Я упросил Адриана зайти ко мне, после того как он проводит сестру домой. В тот же вечер, на тропинке, залитой лунным светом, я излил моему другу всю душу, все ее восторги и надежды. В первый миг лицо его омрачилось.
— Я мог бы предвидеть это, — сказал он. — Какая же нам предстоит борьба! Прост, Лайонел, и не удивляйся, отчего мысль о столкновении с матерью тревожит меня. Иначе я с радостью признался бы, что сбылись мои надежды и я могу вручить сестру лучшему своему другу. Если ты еще не знаешь, то скоро узнаешь, как люто ненавидит моя мать само имя Вернэ. Я поговорю с Айдрис и сделаю все, что может сделать друг. Ну, а ей, если она сумеет, придется взять на себя защиту своей любви.

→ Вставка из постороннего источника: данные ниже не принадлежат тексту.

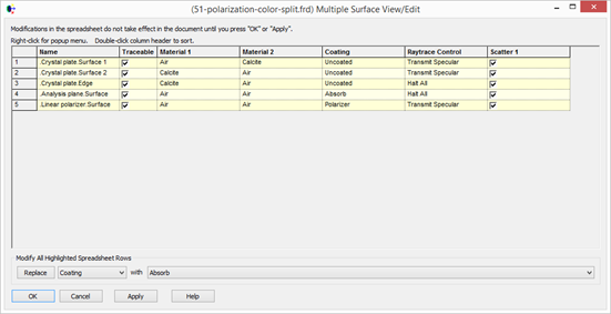 到這里設(shè)置已經(jīng)完畢,整個(gè)系統(tǒng)看起來(lái)像下圖的樣子,也可以到 Edit/Edit View Multiple Surfaces 下查看各個(gè)表面的材料,鍍膜,光線控制等性質(zhì)。
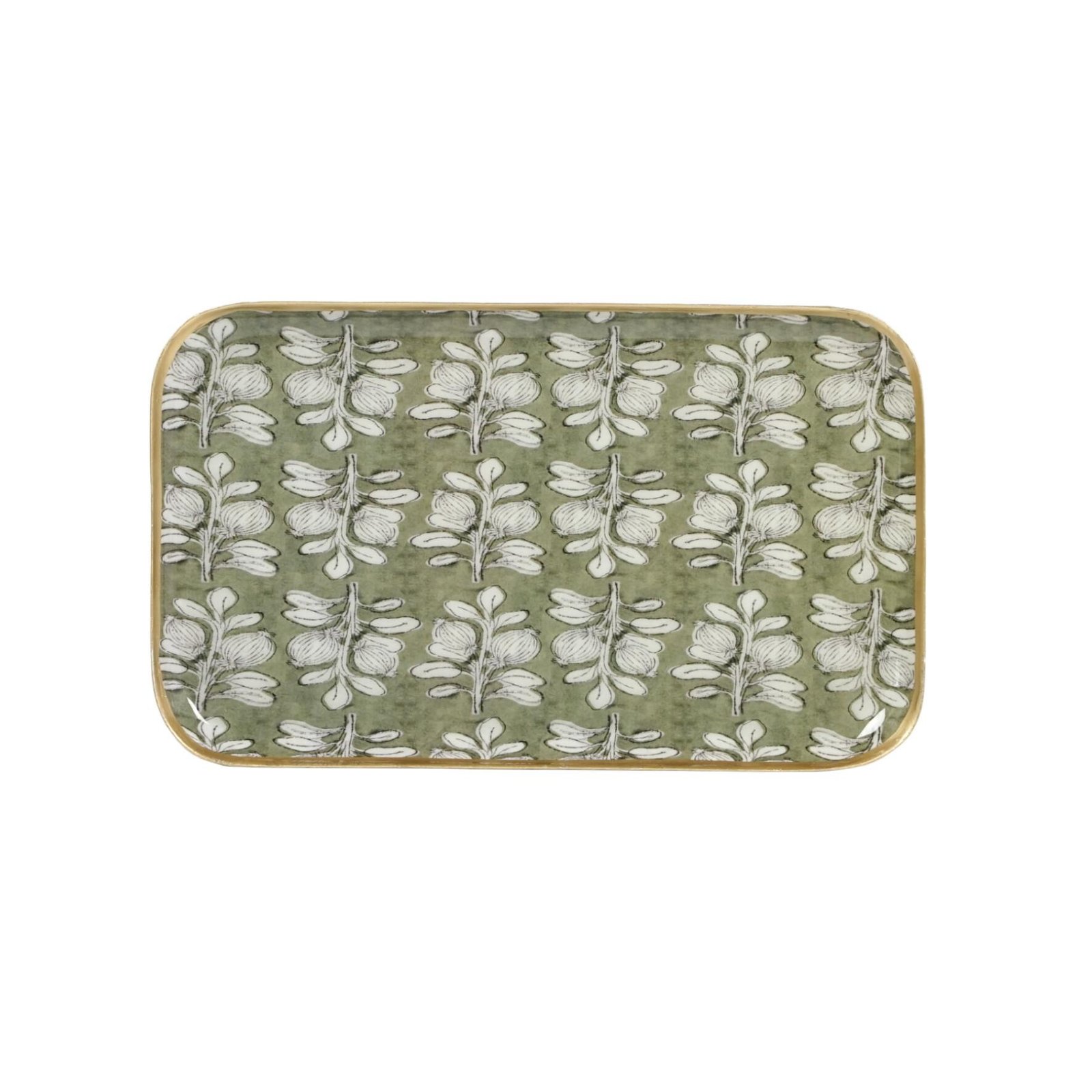 Plateau métal émaillé Alhambra olive, bordure dorée
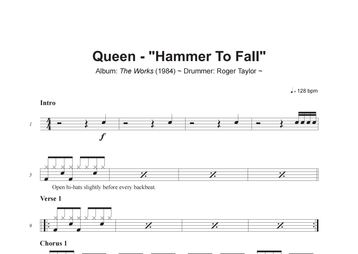 《Hammer To Fall》是Queen演唱的一首歌曲,这份架子鼓谱共有四张高清图谱,图谱由 @小虎鼓谱 编配上传,图谱使用五线谱编配,使用这份Hammer To Fall架子鼓谱,你将能够轻松地敲打出这首Queen的Hammer To Fall,快来尝试吧。
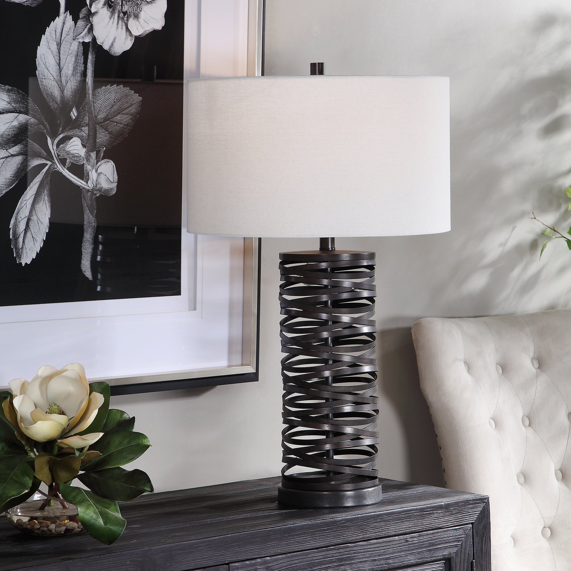 Add a touch of industrial flair with this table lamp that features overlapping straps of metal finished in a aged rust black. The round hardback shade is a white linen fabric. Dimensions - 17in Depth x 17in Width x 29.25in Height. Weight - 9.9lbs

Пока брат и сестра решали, как им лучше попытаться склонить мать на нашу сторону, она, заподозрив, что мы встречаемся, уличила их. Свою дочь она обвинила в обмане и в неприличной привязанности к тому, чья единственная заслуга в том, что он — сын распутного любимца ее неразумного отца, и кто сам, несомненно, столь же беспутен, как и отец, которым он хвастает. При этом обвинении глаза Айдрис сверкнули.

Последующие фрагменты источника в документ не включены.